* What you will do: Set down all of the data exactly. Pictures stay out of the copy.
[Available records Boundary: Start]
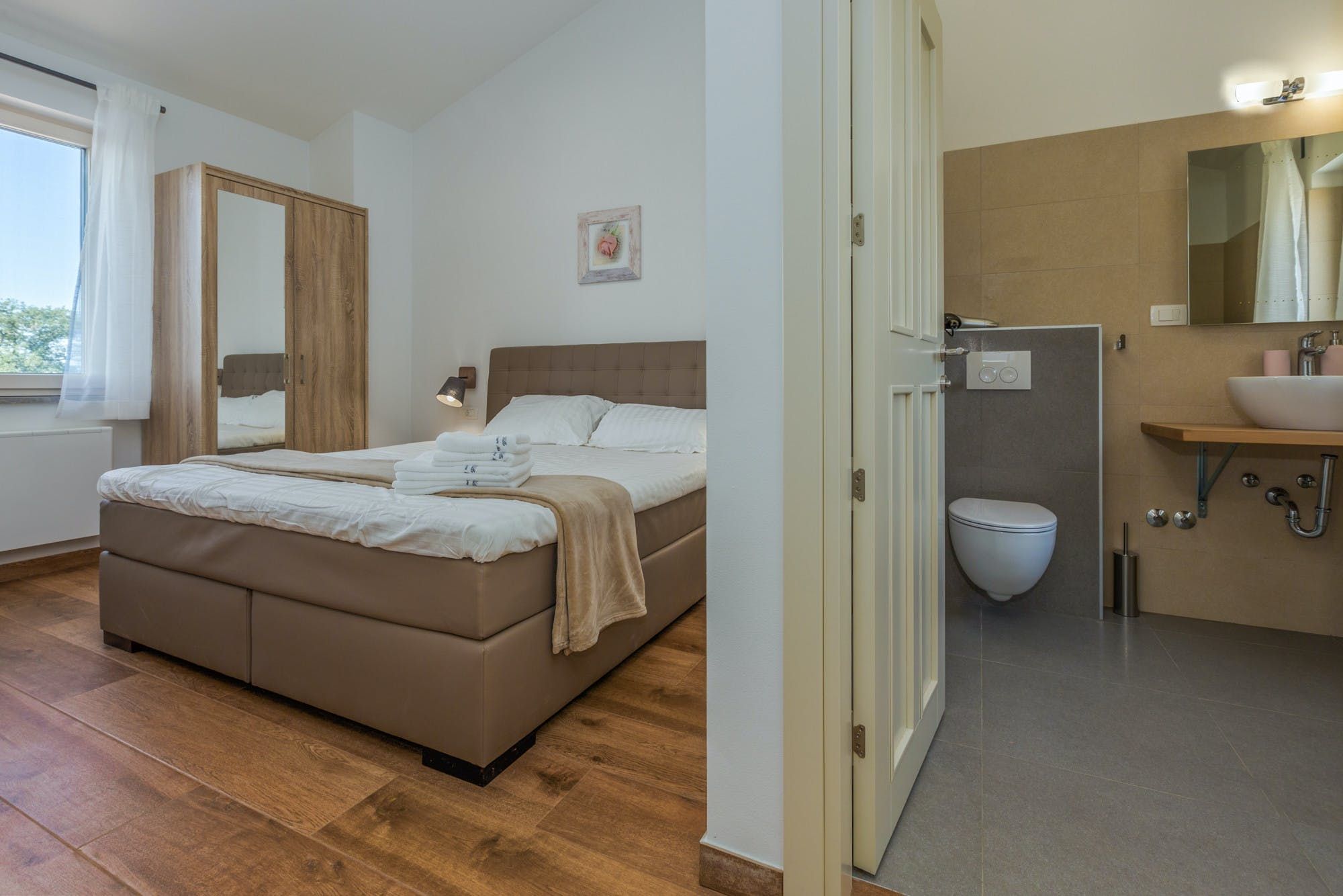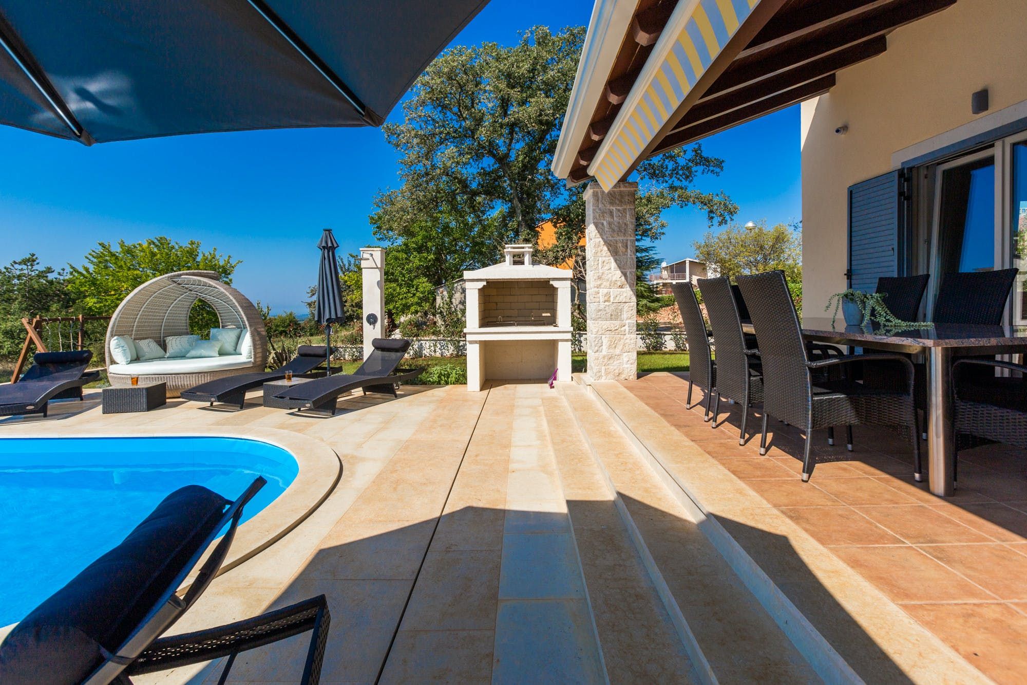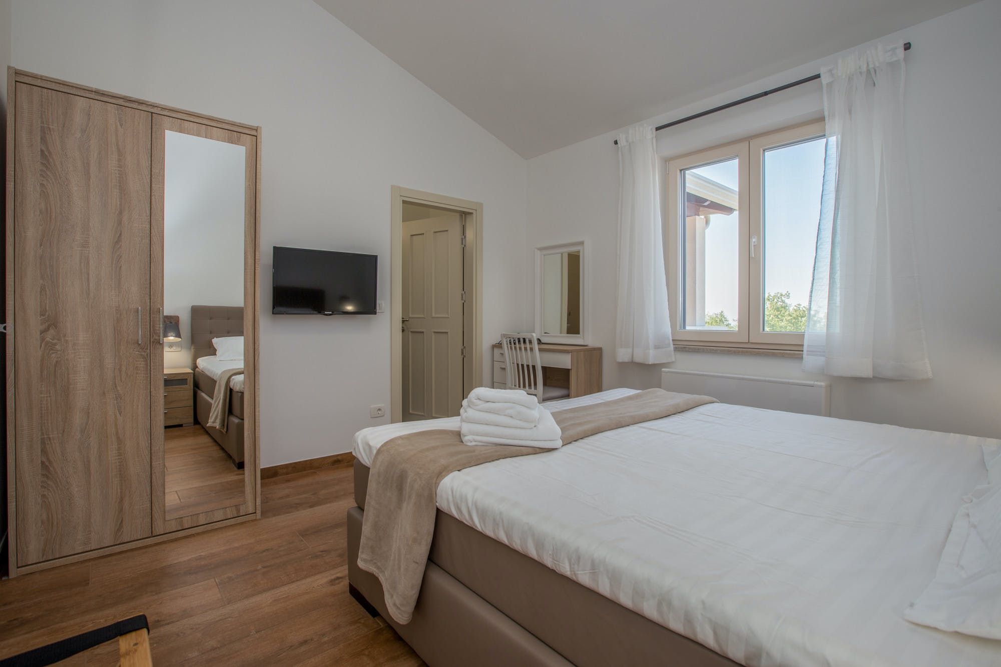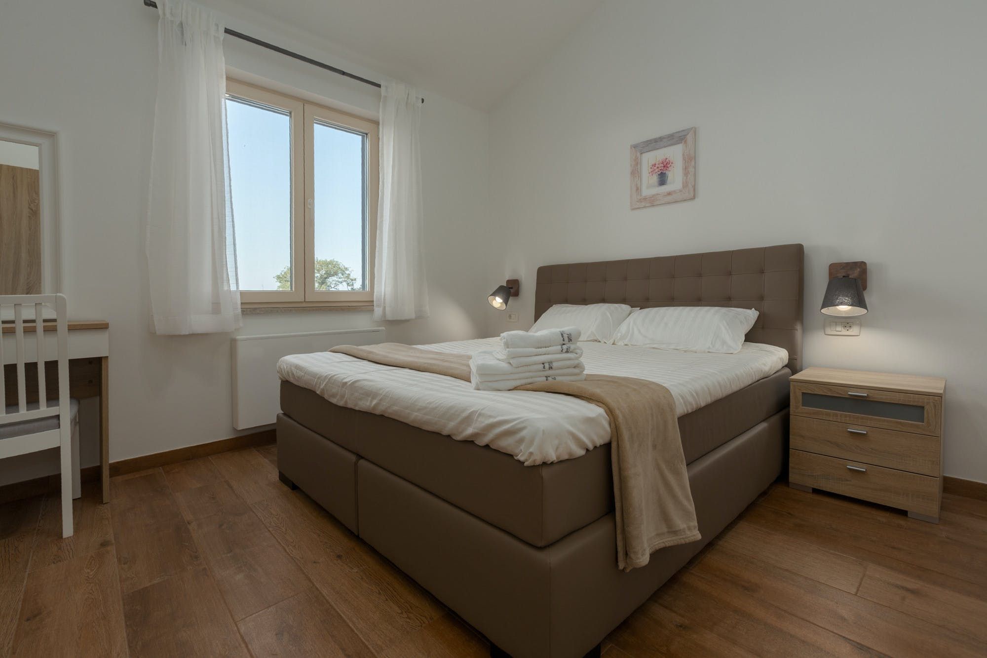 Experience luxury and privacy at the stunning luxury villa in Istria. The villa offers a breathtaking view of the sea and nearby olive groves, providing a serene atmosphere for the whole family. With a total of four air-conditioned bedrooms, each with private bathrooms, this villa can accommodate up to 8+2 guests. The first floor features a spacious living room with a large flat-screen TV, open modern kitchen, dining area for eight people, one bedroom with an adjoining bathroom, and a guest toilet. The second floor consists of three more bedrooms, all equipped with satellite TV and free Wi-Fi throughout the house and garden. The outdoor area boasts comfortable sun loungers, a 40 sqm infinity pool overlooking the sea, and a covered terrace with an adjacent outdoor grill offering an outdoor dining area for eight people. Children can enjoy the garden's amenities such as a swing with a climbing net while adults relax in total bliss.
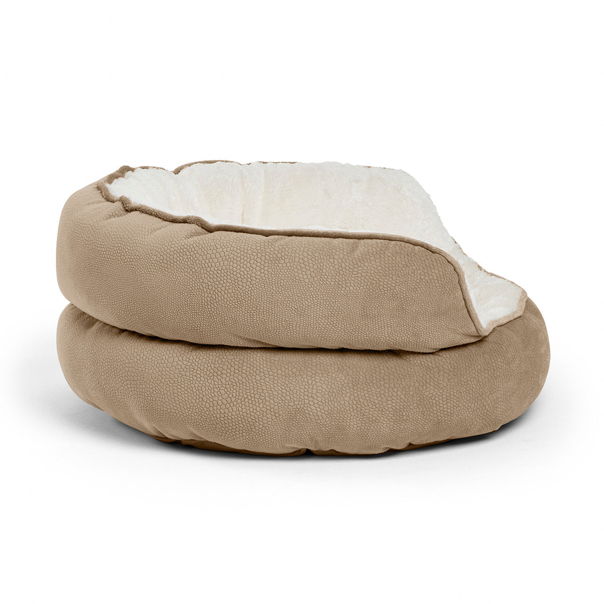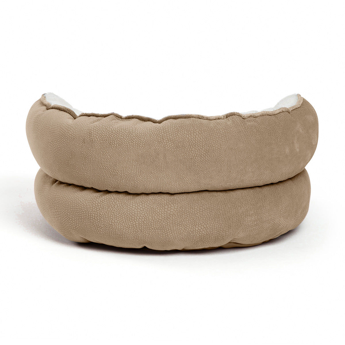 ペットをやさしく包み込み、心地よいくつろぎを届けるデザイン。高品質・高密度の柔らかい中綿は偏りにくく、ベッドの形状・快適性を保ちます。やわらかく美しいニュートラルカラーは、インテリアにもよく馴染みます。
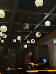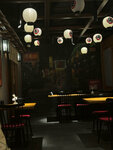 Темно, красивое оформление, чисто. К обслуживанию нет вопросов, приносят быстро, официанты вежливы, подсказывают. Но по мне, кухня слабая. Я ела рамен вкуснее, а точнее лучше доведен до вкуса. По мне он был пресный. Ела свинину с рисом, вот ее бы тоже было не плохо довести до вкуса. Мне не хватило вкуса.
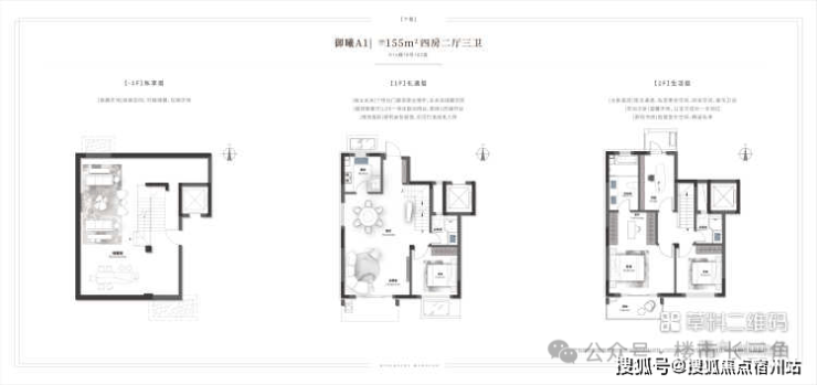 上叠:实现 2+1房2卫 设计,长辈房位于三层、配卫生间,规避上下楼梯的麻烦。 南向阳台与餐客厅一线贯通 ,享受充沛阳光。 四层豪华主卧、北侧连接露台, 空中露台及顶层阳光平台,可量身定制成一方幸福天地。
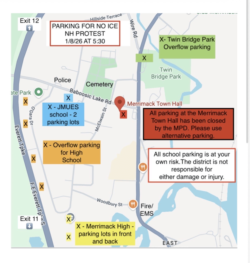1/8/2026: Parking Map Updated below, Merrimack Town Hall parking has been closed.
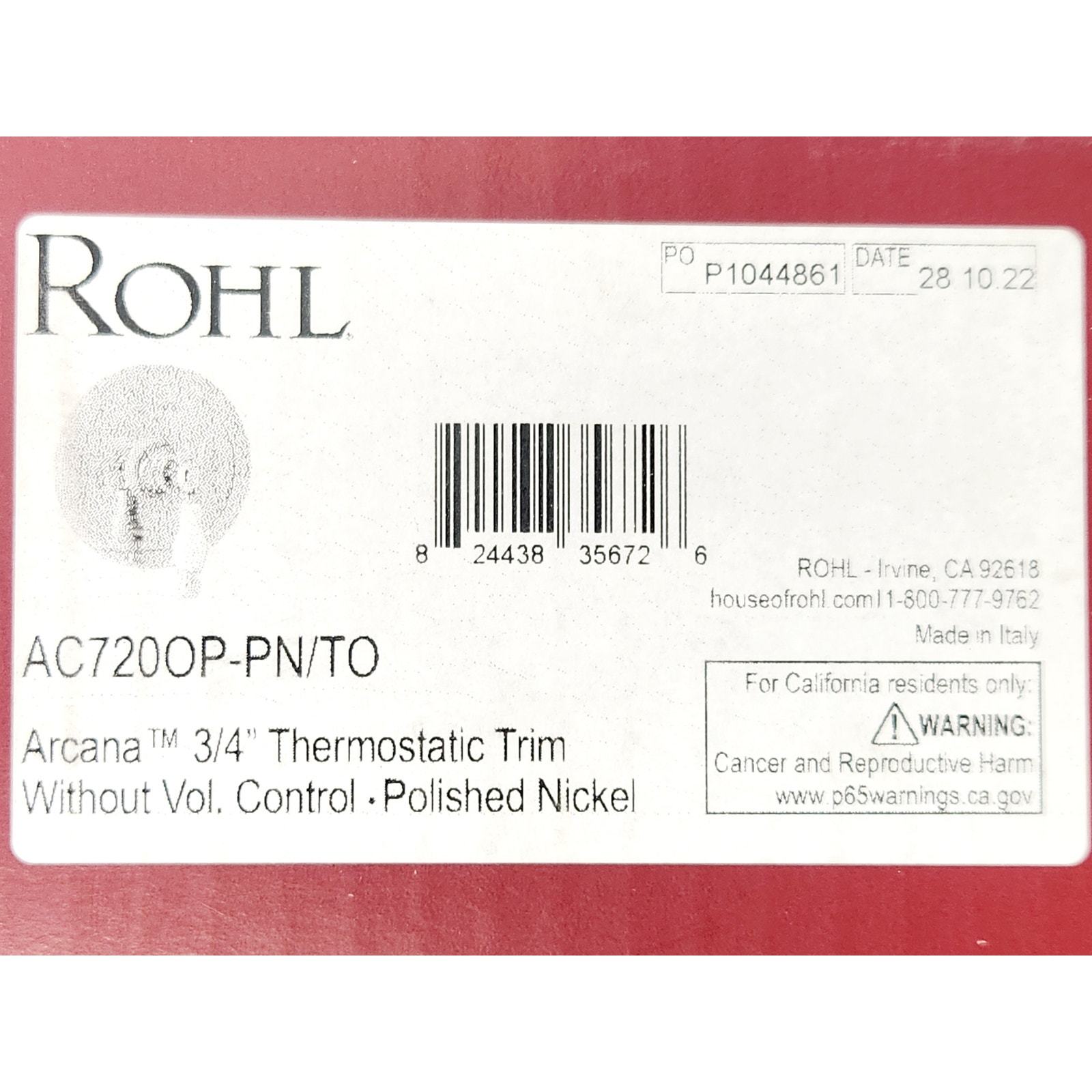 Thank you for visiting! All orders are shipped for FREE within the United States. For international sales, shipping costs will be added to the purchase price. Please contact us with your shipping address for a parcel quote. Orders before 2PM CST will be shipped the same day. Our items have never been installed and are sold as open-box products, unless otherwise noted. While the boxes may have slight damage, as shown in the pictures, the items themselves are carefully inspected to ensure they are not damaged or missing any pieces. We accept returns on items that have not been installed or damaged within 14 days of your purchase. In the rare event that an item is defective upon installation or has any blemishes not previously stated in the description, we will discuss a refund or exchange. Please, reach out if you have any issues that need to be addressed. Our goal is to achieve complete customer satisfaction. We appreciate you viewing this listing and look forward to serving you. Rohl AC720OP-PN/TO Arcana Thermostatic Valve Trim Less Rough In - Polished Nickel Thermostatic Valve Trim Only Classic Thermostatic Valve that controls water temperature. A separate volume control will be needed to control water flow. Premier finishing process - finishes will resist corrosion and tarnishing through everyday use Coordinates with products from the Arcana line Single lever handle constructed of brass included Rough-in valve not included All necessary mounting hardware is included Thermostatic valve trim - single cartridge controls water temperature only Separate volume control required Valve Trim Height: 6-5/16" (bottom to top) Valve Trim Width: 6-5/16" (left to right)
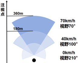 ▲行驶速度与视野、注视点关系(图源:公安部道路交通安全研究中心)
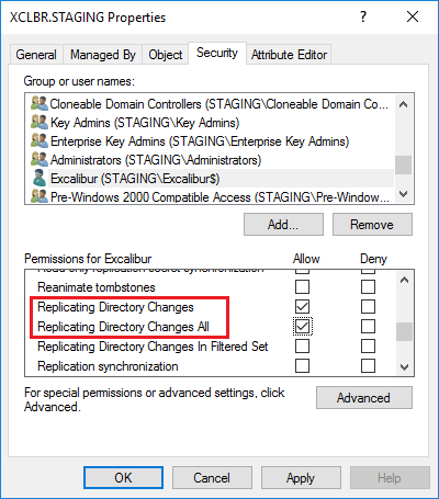 Scroll permissions list down and check allow on “Replicating Directory Changes” and “Replicating Directory Changes All” permissions as well.
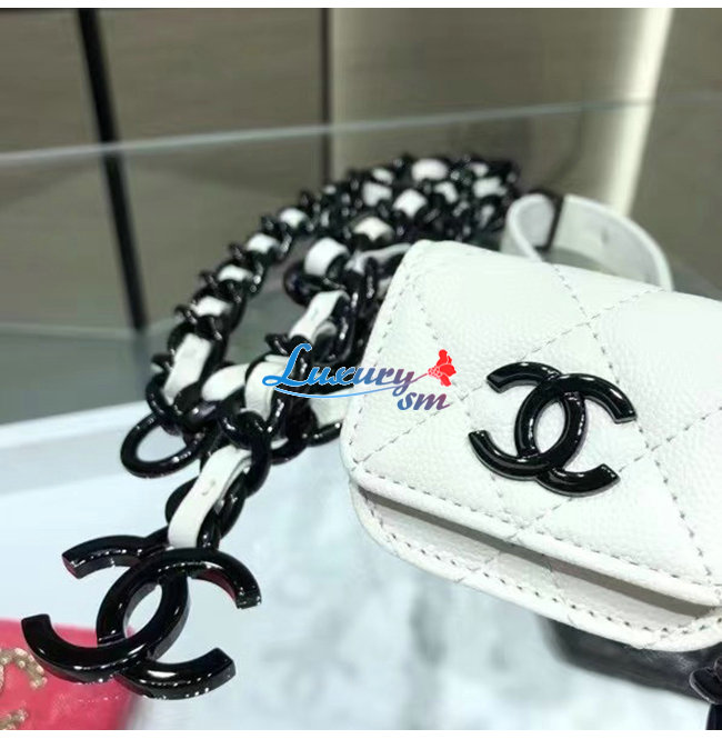 [스페셜오더]CHANEL-AP1956 샤넬 화이트 그레인드 카프스킨 래커드 메탈 AirPods Pro 홀더 벨트
[Available records Boundary: End]
* Result:
 Experience luxury and privacy at the stunning luxury villa in Istria. The villa offers a breathtaking view of the sea and nearby olive groves, providing a serene atmosphere for the whole family. With a total of four air-conditioned bedrooms, each with private bathrooms, this villa can accommodate up to 8+2 guests. The first floor features a spacious living room with a large flat-screen TV, open modern kitchen, dining area for eight people, one bedroom with an adjoining bathroom, and a guest toilet. The second floor consists of three more bedrooms, all equipped with satellite TV and free Wi-Fi throughout the house and garden. The outdoor area boasts comfortable sun loungers, a 40 sqm infinity pool overlooking the sea, and a covered terrace with an adjacent outdoor grill offering an outdoor dining area for eight people. Children can enjoy the garden's amenities such as a swing with a climbing net while adults relax in total bliss.
 ペットをやさしく包み込み、心地よいくつろぎを届けるデザイン。高品質・高密度の柔らかい中綿は偏りにくく、ベッドの形状・快適性を保ちます。やわらかく美しいニュートラルカラーは、インテリアにもよく馴染みます。
 Темно, красивое оформление, чисто. К обслуживанию нет вопросов, приносят быстро, официанты вежливы, подсказывают. Но по мне, кухня слабая. Я ела рамен вкуснее, а точнее лучше доведен до вкуса. По мне он был пресный. Ела свинину с рисом, вот ее бы тоже было не плохо довести до вкуса. Мне не хватило вкуса.
 上叠:实现 2+1房2卫 设计,长辈房位于三层、配卫生间,规避上下楼梯的麻烦。 南向阳台与餐客厅一线贯通 ,享受充沛阳光。 四层豪华主卧、北侧连接露台, 空中露台及顶层阳光平台,可量身定制成一方幸福天地。
1/8/2026: Parking Map Updated below, Merrimack Town Hall parking has been closed.
 Thank you for visiting! All orders are shipped for FREE within the United States. For international sales, shipping costs will be added to the purchase price. Please contact us with your shipping address for a parcel quote. Orders before 2PM CST will be shipped the same day. Our items have never been installed and are sold as open-box products, unless otherwise noted. While the boxes may have slight damage, as shown in the pictures, the items themselves are carefully inspected to ensure they are not damaged or missing any pieces. We accept returns on items that have not been installed or damaged within 14 days of your purchase. In the rare event that an item is defective upon installation or has any blemishes not previously stated in the description, we will discuss a refund or exchange. Please, reach out if you have any issues that need to be addressed. Our goal is to achieve complete customer satisfaction. We appreciate you viewing this listing and look forward to serving you. Rohl AC720OP-PN/TO Arcana Thermostatic Valve Trim Less Rough In - Polished Nickel Thermostatic Valve Trim Only Classic Thermostatic Valve that controls water temperature. A separate volume control will be needed to control water flow. Premier finishing process - finishes will resist corrosion and tarnishing through everyday use Coordinates with products from the Arcana line Single lever handle constructed of brass included Rough-in valve not included All necessary mounting hardware is included Thermostatic valve trim - single cartridge controls water temperature only Separate volume control required Valve Trim Height: 6-5/16" (bottom to top) Valve Trim Width: 6-5/16" (left to right)
 ▲行驶速度与视野、注视点关系(图源:公安部道路交通安全研究中心)
 Scroll permissions list down and check allow on “Replicating Directory Changes” and “Replicating Directory Changes All” permissions as well.
 [스페셜오더]CHANEL-AP1956 샤넬 화이트 그레인드 카프스킨 래커드 메탈 AirPods Pro 홀더 벨트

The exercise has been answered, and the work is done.